Mais ces mouvements sont à différencier des petits groupes djihadistes internationaux (AQMI qui compteraient 700 hommes – MUJAO) sans ancrage dans la société malienne et qui n’expriment pas de revendications sociales et politiques locales : ce sont ces groupes djihadistes qui ont attaqué le site gazier algérien et pris en otage des expatriés dans le but de faire le maximum de fric. Il y a eu cependant en 2012 une alliance contingente avec des groupes nationalistes locaux qui a parasité un conflit local.
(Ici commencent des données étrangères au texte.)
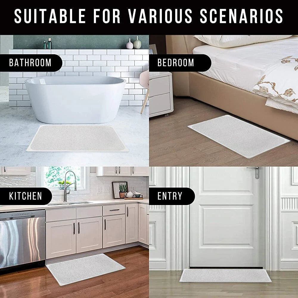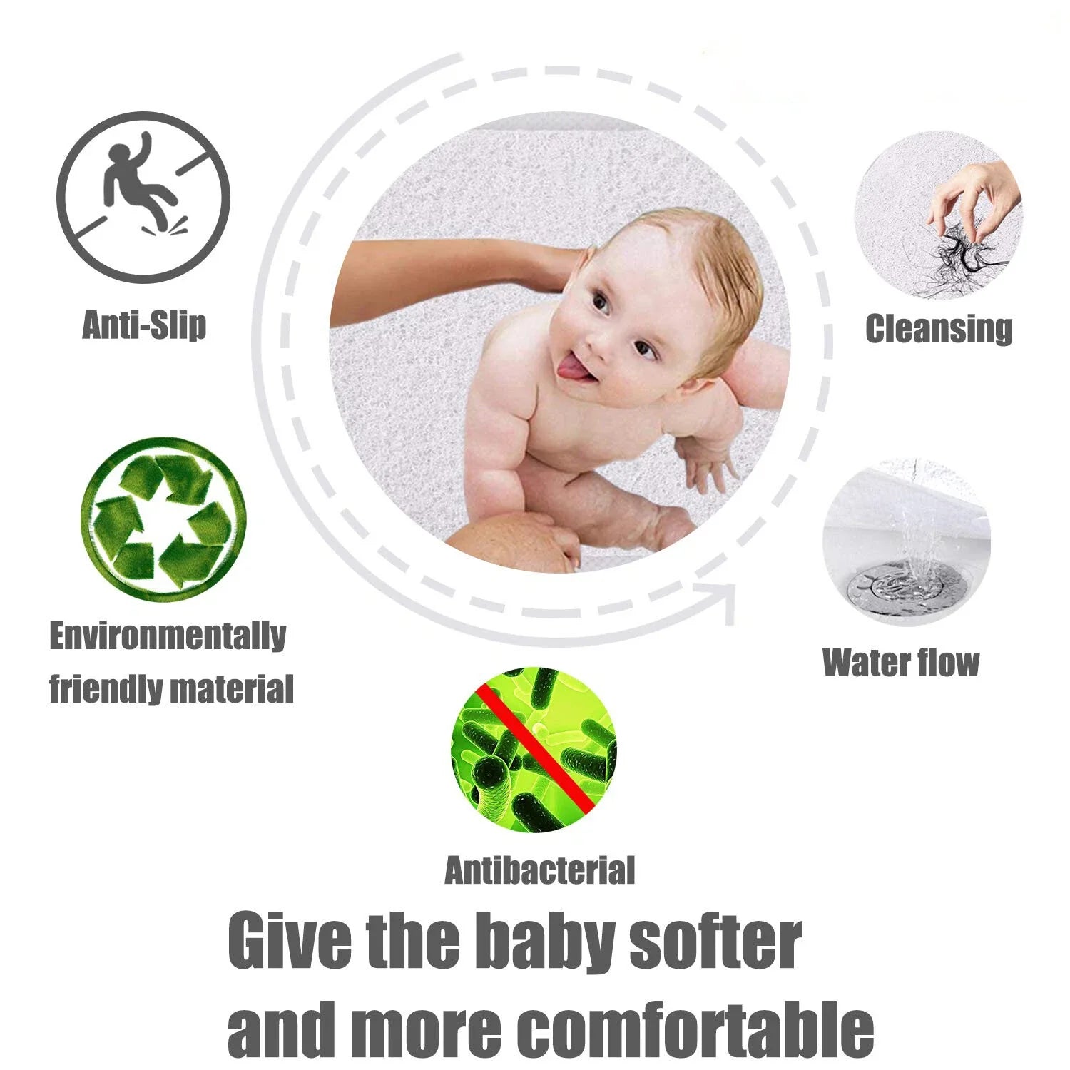 PVC bathroom mats featuring a loofah-style texture that drains water quickly and prevents slipping. Each rectangular mat measures 44ÿcm by 75ÿcm and is equipped with suction cups underneath for stability.

Il faut en effet rappeler que de jeunes Touaregs avaient été enrôlés dans la « légion saharienne » de Kadhafi pour intervenir notamment au Tchad contre le régime d’Idriss Déby soutenu par la France. La chute de Kadhafi a précipité le retour de ces Touaregs armés : le vide laissé par la décomposition de l’Etat malien et de son armée (environ 15 000 hommes dont 1/10 seulement est opérationnel c’est à dire armé et encadré) a créé un appel d’air pour les groupes Touaregs armés qui ont tenté – début janvier 2013 - d’avancer jusqu’à Bamako sans rencontrer de résistance.

Officiellement appelée par le président malien par intérim, la France a engagé plusieurs milliers d’hommes à partir du 11 janvier. Dans quels buts ? Rétablir l’intégrité du territoire malien ? Il faudrait d’abord pour cela qu’il y ait un Etat malien. Et clairement la France intervient contre les groupes Touaregs au profit d’une faction noire du Sud.
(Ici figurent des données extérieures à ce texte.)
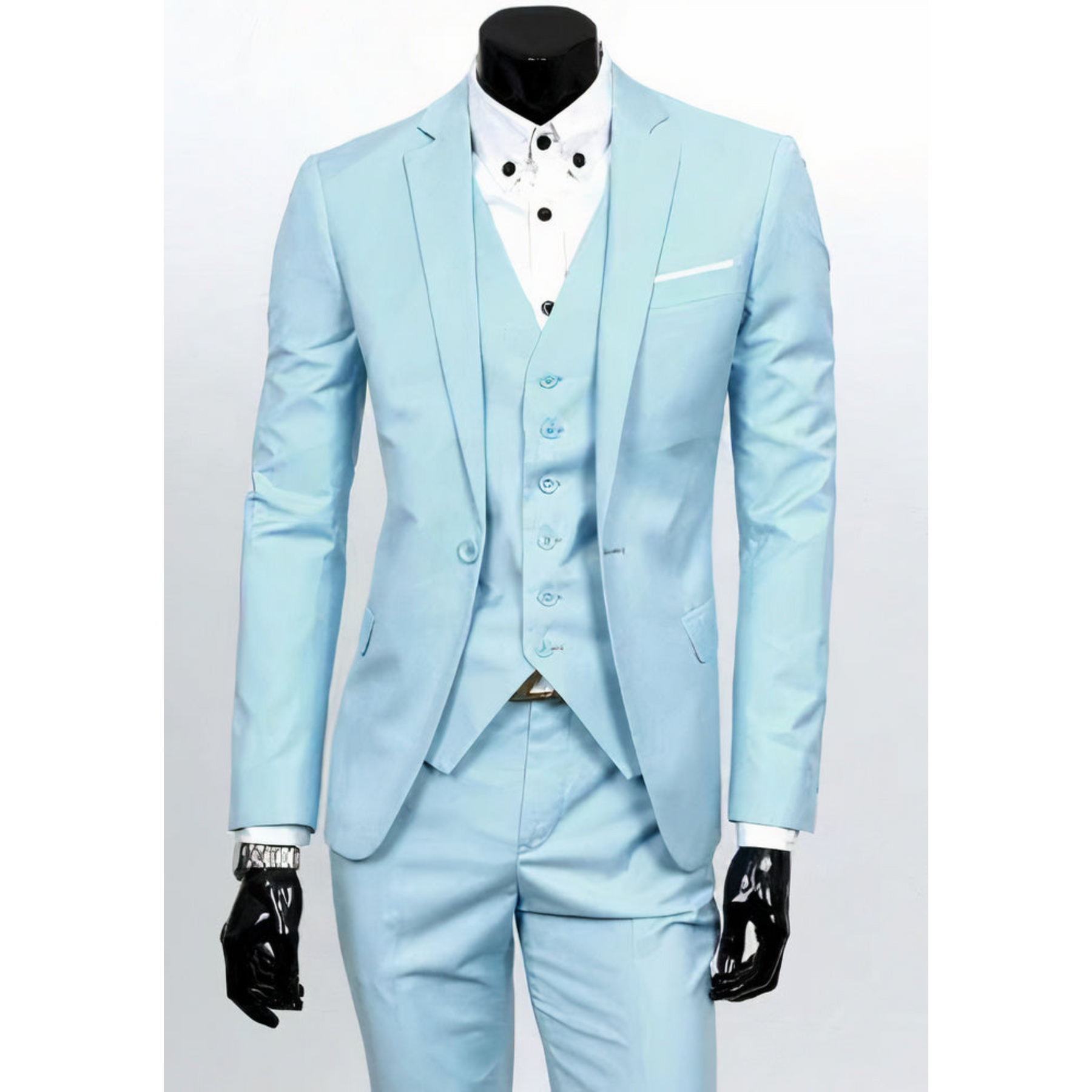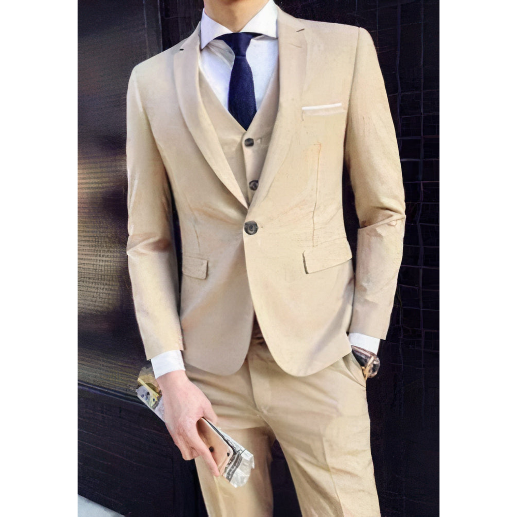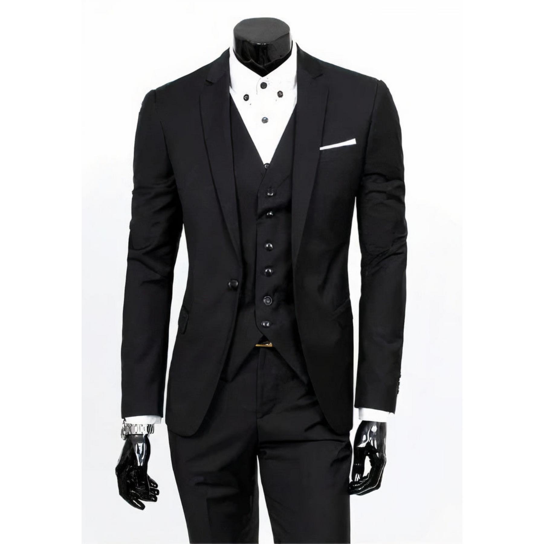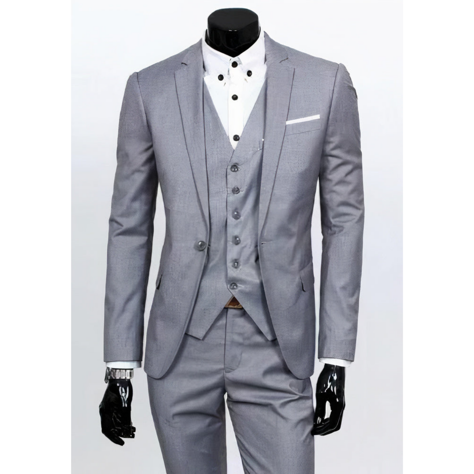 - Ensemble complet : composé d'une veste, d'un gilet et d'un pantalon parfaitement assortis.

S’il s’agit d’une « guerre juste » nécessaire pour « éradiquer le terrorisme » – comme la claironne Hollande – pourquoi les mêmes ont-ils soutenu et soutiennent-ils des mouvements islamistes radicaux en Libye, en Syrie et ailleurs ? Pourquoi la France s’engage-t-elle seule dans ce conflit si la menace pèse sur toute l’Europe ? Le discours qui nous est servi sur « la défense de la démocratie et des droits de l’homme » est en totale contradiction avec les problèmes sociaux et nationaux du Mali puisque parmi les ennemis déclarés, il y a les groupes Touaregs qui se battent pour la reconnaissance de leurs droits nationaux.

En fait, c’est de la part du gouvernement Hollande/Ayrault une opération « d’union nationale » puisque l’intervention française a été saluée par l’UMP et nombre d’intellectuels. Mais c’est surtout du côté de la défense des intérêts de l’impérialisme français en crise qu’il faut chercher les raisons de cette intervention militaire dont l’armée de terre – écartée en Libye - est le fer de lance. Le désert est sa « spécialité » historique et sa méfiance pour « les printemps arabes », son fond de commerce. Et elle se retrouve sans emploi après le retrait d’Afghanistan. Pour justifier son rôle et ses crédits, une opération extérieure est la bienvenue…

 

En aucun cas, on ne peut considérer que l’intervention militaire française est au service des droits des peuples ! Le rôle des organisations ouvrières est de combattre pour exiger le retrait immédiat des troupes impérialistes.